PFI seems to resemble a bit of a wheeze in which public hospitals got built very quickly, making politicians such as Gordon "Referendum Resurrection" Brown look incredibly brilliant, clever and caring; and their private financiers continue to get rewarded handsomely over decades from taxpayers' money, making them look incredibly brilliant, clever, rich, grasping and greedy.
The "furniture" on a story has a job to do, whether on the interweb or newsprint. A headline should draw the reader in, being eye-catching and full of SEO (search engine optimisation/sexy exceptional oohs) goodies.
A good standfirst will give a bit more context, and the byline and any accompanying mugshot will reassure that here is someone I like reading and trust - a no-brainer in the case of the excellent Cathy Newman.
So then we come to the crossheads (type centred) or sideheads (type set left): the mini-headlines or, if you prefer, large bits of text that break up chunks of copy, tell you what's coming in the next few paragraphs and should encourage you to read on. Should.
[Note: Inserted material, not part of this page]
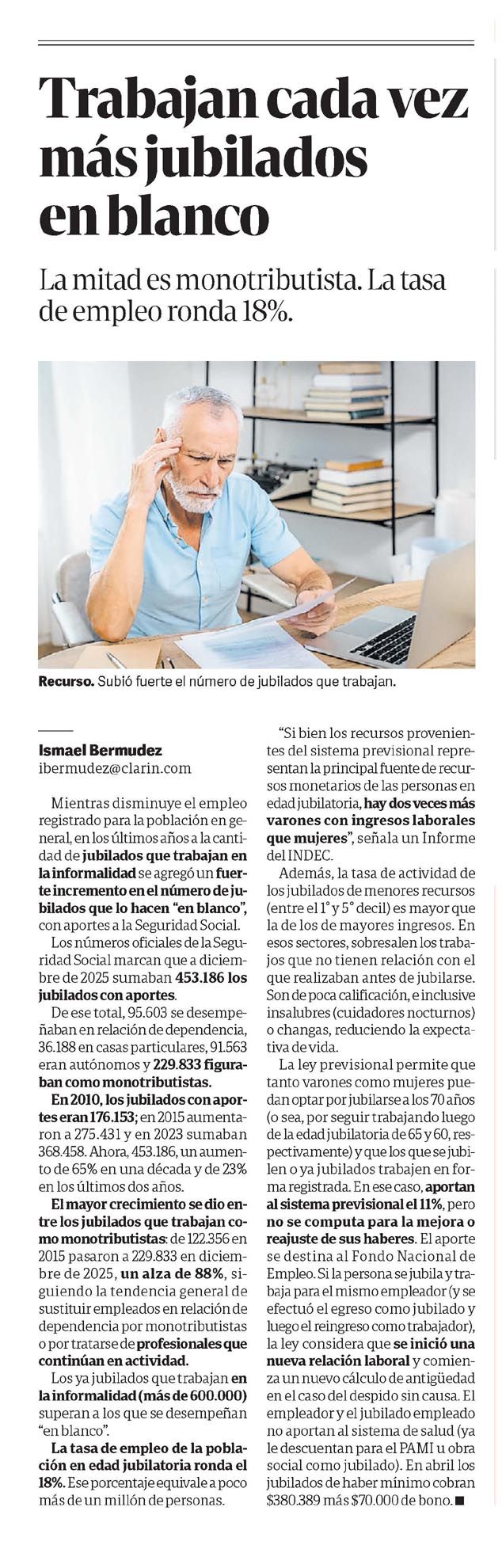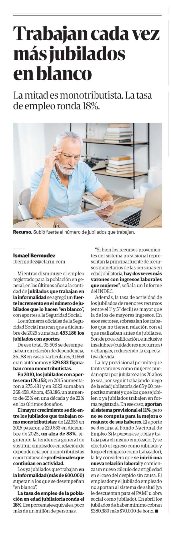 Trabajan cada vez más jubilados en blanco Ismael Bermudez La mitad es monotributista. La tasa de empleo ronda 18%. Recurso. Subió fuerte el número de jubilados que trabajan. Ismael Bermudez ibermudez@clarin.com Mientras disminuye el empleo registrado para la población en general, en los últimos años a la cantidad de jubilados que trabajan en la informalidad se agregó un fuerte incremento en el número de jubilados que lo hacen "en blanco", con aportes a la Seguridad Social. Los números oficiales de la Seguridad Social marcan que a diciembre de 2025 sumaban 453.186 los jubilados con aportes. De ese total, 95.603 se desempeñaban en relación de dependencia, 36.188 en casas particulares, 91.563 eran autónomos y 229.833 figuraban como monotributistas. En 2010, los jubilados con aportes eran 176.153; en 2015 aumentaron a 275.431 y en 2023 sumaban 368.458. Ahora, 453.186, un aumento de 65% en una década y de 23% en los últimos dos años. El mayor crecimiento se dio entre los jubilados que trabajan como monotributistas: de 122.356 en 2015 pasaron a 229.833 en diciembre de 2025, un alza de 88%, siguiendo la tendencia general de sustituir empleados en relación de dependencia por monotributistas o por tratarse de profesionales que continúan en actividad. Los ya jubilados que trabajan en la informalidad (más de 600.000) superan a los que se desempeñan "en blanco". La tasa de empleo de la población en edad jubilatoria ronda el 18%. Ese porcentaje equivale a poco más de un millón de personas. "Si bien los recursos provenientes del sistema previsional representan la principal fuente de recursos monetarios de las personas en edad jubilatoria, hay dos veces más varones con ingresos laborales que mujeres", señala un Informe del INDEC. Además, la tasa de actividad de los jubilados de menores recursos (entre el 1° y 5° decil) es mayor que la de los de mayores ingresos. En esos sectores, sobresalen los trabajos que no tienen relación con lo que realizaban antes de jubilarse. Son de poca calificación, e inclusive insalubres (cuidadores nocturnos) o changas, reduciendo la expectativa de vida. La ley previsional permite que tanto varones como mujeres puedan optar por jubilarse a los 70 años (o sea, por seguir trabajando luego de la edad jubilatoria de 65 y 60, respectivamente) y que los que se jubilen o ya jubilados trabajen en forma registrada. En ese caso, aportan al sistema previsional el 11%, pero no se computa para la mejora o reajuste de sus haberes. El aporte se destina al Fondo Nacional de Empleo. Si la persona se jubila y trabaja para el mismo empleador (y se efectuó el egreso como jubilado y luego el reingreso como trabajador), la ley considera que se inició una nueva relación laboral y comienza un nuevo cálculo de antigüedad en el caso del despido sin causa. El empleador y el jubilado empleado no aportan al sistema de salud (ya le descuentan para el PAMI u obra social como jubilado). En abril los jubilados de haber mínimo cobran $380.389 más $70.000 de bono. Menciones: Ceco1 cfinanE

I think this story is so good that little coaxing is needed to read on. But whoever wrote the unbelievably dull and jargon-rich "Ongoing investigation" in this sidehead needs to go on a refresher course.
We old-school subs are programmed to replace "ongoing" with "continuing" in all circumstances. "Ongoing investigation" is pure essence of plodspeak. Just because most of the Old Bill, as my detective father used to tell me about his colleagues, can't speak or write proper English in public does not mean that journalists have to regurgitate their mangled notions, especially in sideheads.
Maybe something like "Fire safety fears" would have been a little more to the point.